Rotor Wakes and Blade Tip Vortices

We have built new rotor test stands, new blades, with emphasis on heavily instrumented blades, new measurement techniques – it is mind boggling to me to see how well, and in how much detail, we can measure the flow field of a rotor. Modeling the flow field of a rotor is a terribly difficult problem. The airplane people have it easy compared to us. Capturing the details of the rotor wake and of what happens in the vicinity of the blade is very difficult.

Leone U. Dadone (1995)

10.1 Introduction

The significant physical features of helicopter rotor wakes, and some of the more advanced mathematical tools for modeling the wake, are discussed in this chapter. The understanding and prediction of the effects of the rotor wake is an important key to the successful prediction of blade loads and a host of other problems found in helicopter aero­dynamics. A helicopter rotor wake is dominated by strong vortices that are trailed from the tips of each blade. The nature of the rotor wake, in terms of its geometry, strength, and the aerodynamic effects produced on the blades, depends principally on the operating state and flight condition of the helicopter. In hover, the tip vortices follow nominally heli­cal trajectories below the rotor. This is perhaps the simplest operating state to understand, but even here the wake structure is relatively complicated. During forward flight, the rotor wake is skewed back behind the rotor by the oncoming flow, and a series of more complex interlocking, but nominally epicycloidal vortex trajectories are produced. Under these con­ditions, the increased mutual proximity of many of the vortex filaments results in stronger vortex-vortex interactions and complicated distortions to the evolving wake topology. At the lateral edges of the wake, the individual vortex filaments are found to roll up into a pair of merging vortex bundles, somewhat like those that would trail from the tips of a low aspect ratio fixed-wing.

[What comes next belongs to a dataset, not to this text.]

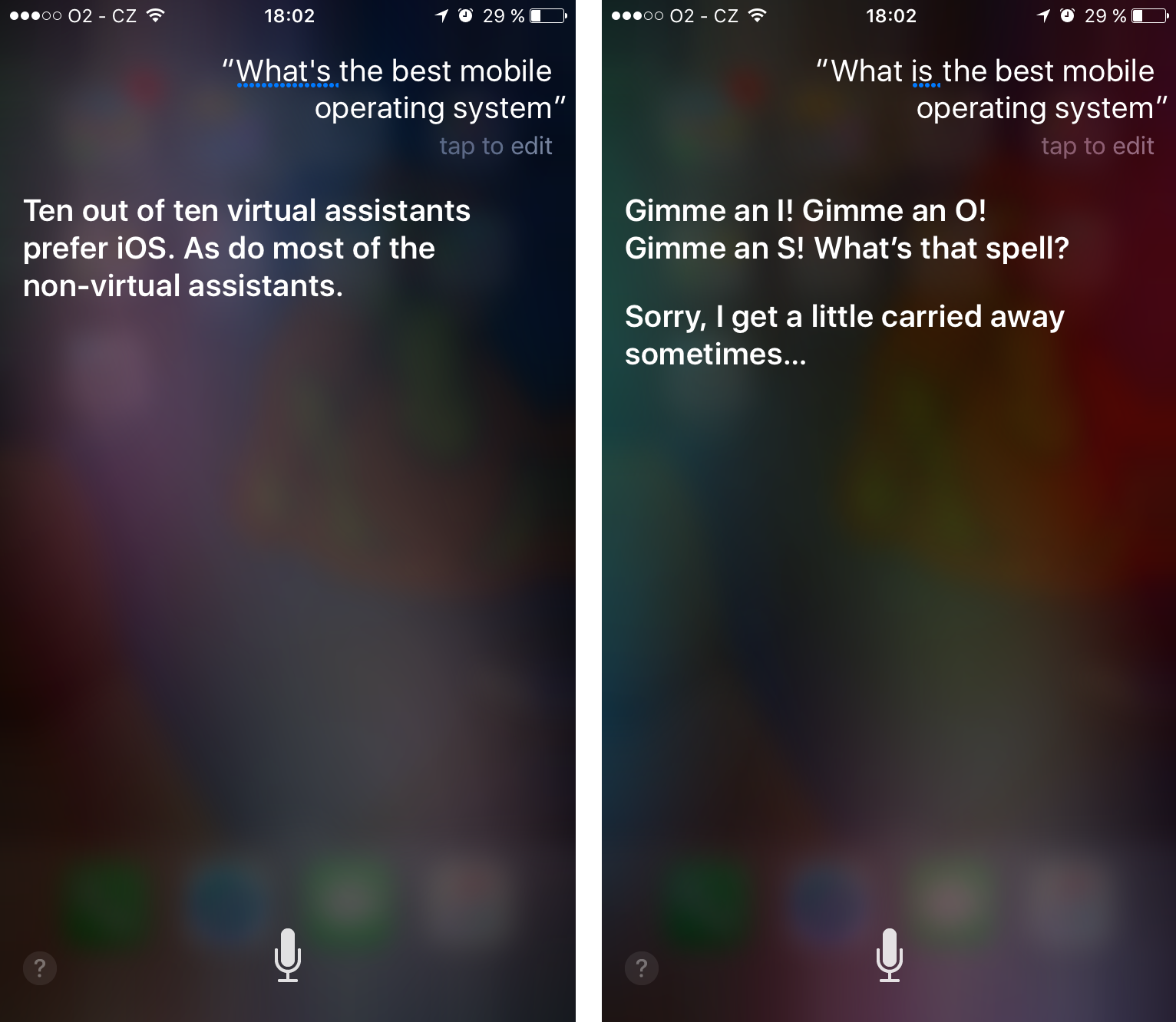 „Deset z deseti virtuálních asistentů preferuje iOS. Stejně jako většina ne-virtuálních.“
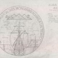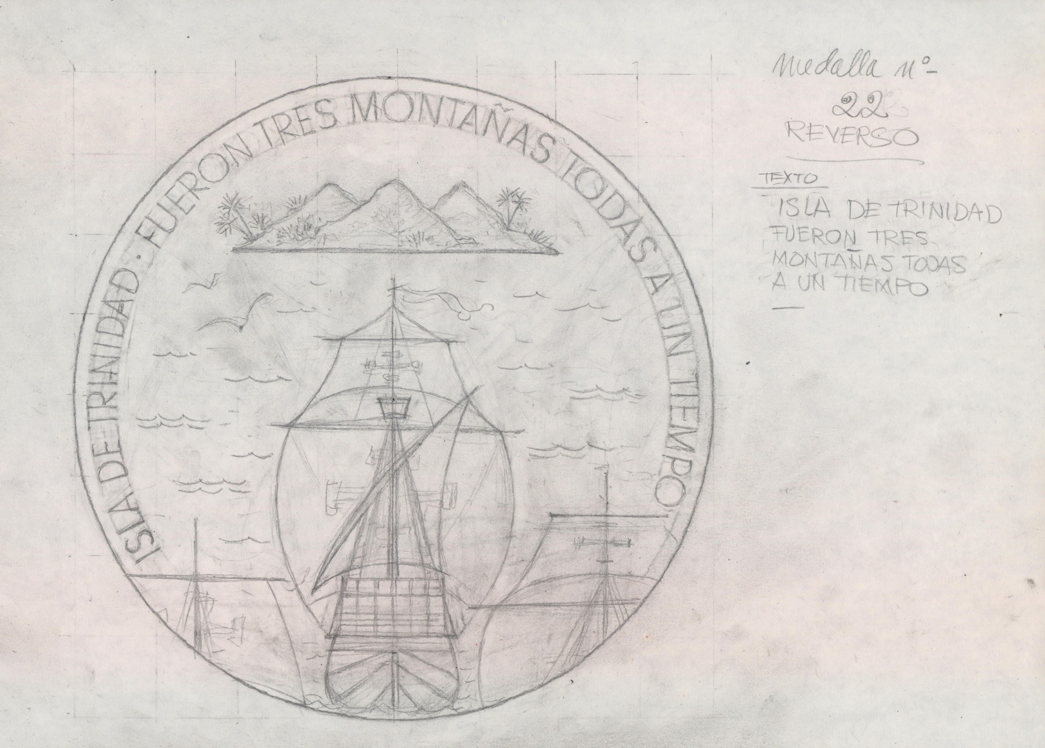Boceto a lápiz del reverso de la medalla número veintidós, con la imagen en primer término de la proa de un barco que se acerca hacia una isla formada por tres montañas, junto a la leyenda inscrita en el perfil de la medalla que dice “Isla de Trinidad, tres montañas todas a un tiempo.”para Numismática Iberica OTROS ARCHIVOS: MBR/1364 MBO/416+475

The highly 3-D nature of a helicopter rotor wake, as well as the sensitivity of the wake to the geometric and operational parameters of the helicopter, means that the details of the wake flow are difficult to study experimentally, as well as to compute by means of mathematical models. Recent advances in experimental techniques have been substantial and now allow measurements to be made with a fidelity that was impossible only a few years ago. However, there are many physical phenomena involving the formation and evo­lution of blade tip vortices and rotor wakes that are still not well understood, and it is here that future research on helicopter aerodynamics must be focused. Landgrebe (1988) and McCroskey (1995) review the state-of-the-art capabilities in modeling helicopter rotor wakes, whereas Leishman & Bagai (1998) give an overview of key characteristic physical features of rotor wakes and some of the unique experimental challenges involved in their measurement.